United-Continental conversion survives technical glitches
The integration of United and Continental Airlines technology last weekend — the largest single passenger service system conversion in history — either:
A. Had some snags?
B. Had some problems but most were resolved?
C. Had no significant delays?
D. All of the above?
How it went depends on who was reporting it, but the event was certainly not the outright passenger-inconvenient disaster some had predicted.
The conversion process involved moving millions of reservations and re-establishing numerous communication links.
According to reports, technical issues on Saturday were cleared up by Sunday, when United’s on-time performance was better than 77%.
That exceeds the on-time performance recorded on the same Sunday a year earlier, according to worldairlinenews.
By Monday, the airline’s domestic on-time performance was even better at more than 90%.
"With a project of this magnitude, it is natural that we would have a few technical issues, and we expected and prepared for operational challenges," said United spokeswoman Megan McCarthy.

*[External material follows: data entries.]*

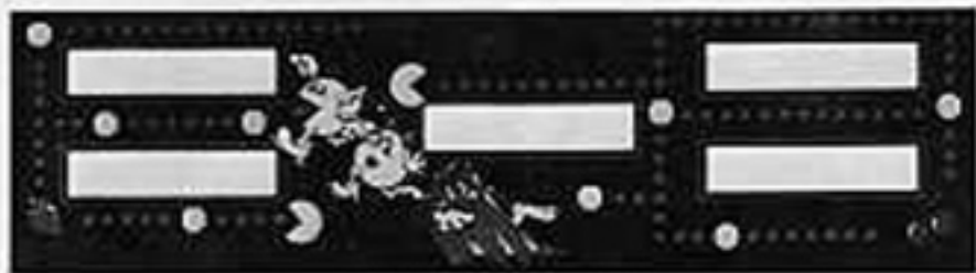
LOWER BACK GLASS G-462-1

WHEN ORDERING PART, SPECIFY PART NO. AND NAME OF GAME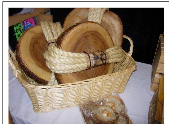
Tree swings are one of many natural wood toys made from urban trees by The Original Tree Swing Company

The Original Tree Swing is a Minneapolis-based family owned and operated business started nine years ago as a part-time venture. In September 2009 owner Bill Pine took the venture full-time as a producer of open-ended children’s toys made from natural materials—primarily reclaimed wood. The Original Tree Swing products include nearly two-dozen different toys such as tree swings, castle blocks, bowl/spoon/board play sets, old-time tops, tree puzzles, growth sticks, and more. Ninety-five percent of the lumber used by Pine for his business is from reclaimed urban trees sourced from Wood from the Hood (see above as well as Case Study #3). The Original Tree Swing products are currently carried by more than 50 retail shops across the U.S. plus three foreign countries. For more information on The Original Tree Swing, see http://www.theoriginaltreeswing.com/ .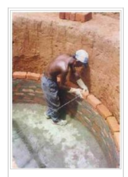
Fig 5: Wall construction of the tank on the concrete base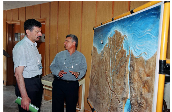
Briefing session on the RA ATUM Exercise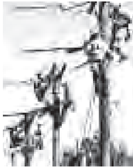
From past years, The events showcased safety techniques, skill, and the speed of power utility workers.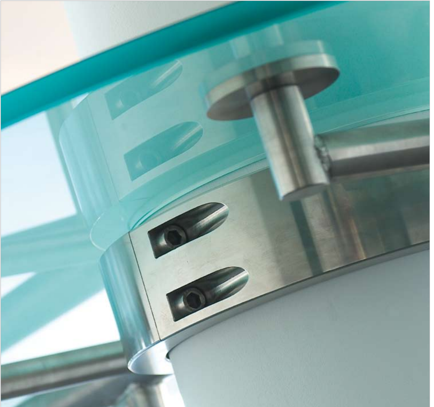
TABLE Matelux Linea Azzurra (van Dijken).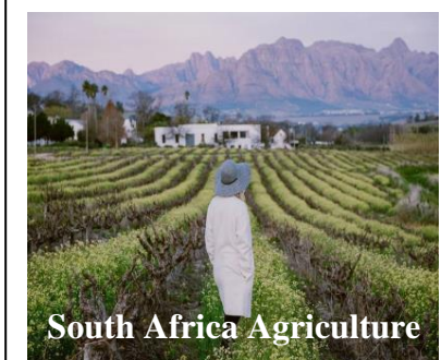
South Africa Agriculture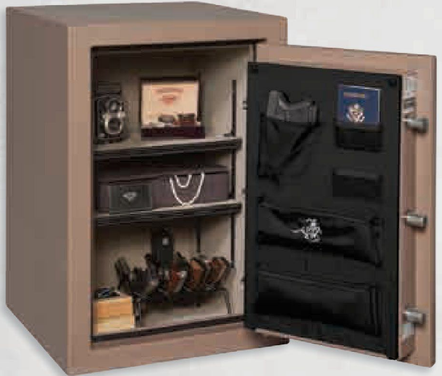
Home 7 in Sandstone

United spent months preparing for the event and trained about 15,000 employees for it, but that still didn’t prevent some technical issues at its check-in kiosks.
"We did have some issues with our kiosks and at times that slowed the check-in process," McCarthy said.
On United's Facebook page, several passengers complained over the weekend about waiting on the phone for nearly two hours for a United customer representative for help with reservation problems.
"Infuriating," a United passenger posted on Facebook. "I finally got someone, but not before spending a total of almost 10 hours on hold with them in total calls over the weekend. The worst!"
Combining the reservation systems of the now merged airlines was the last major change in its merger, which now represents the largest airline in the world.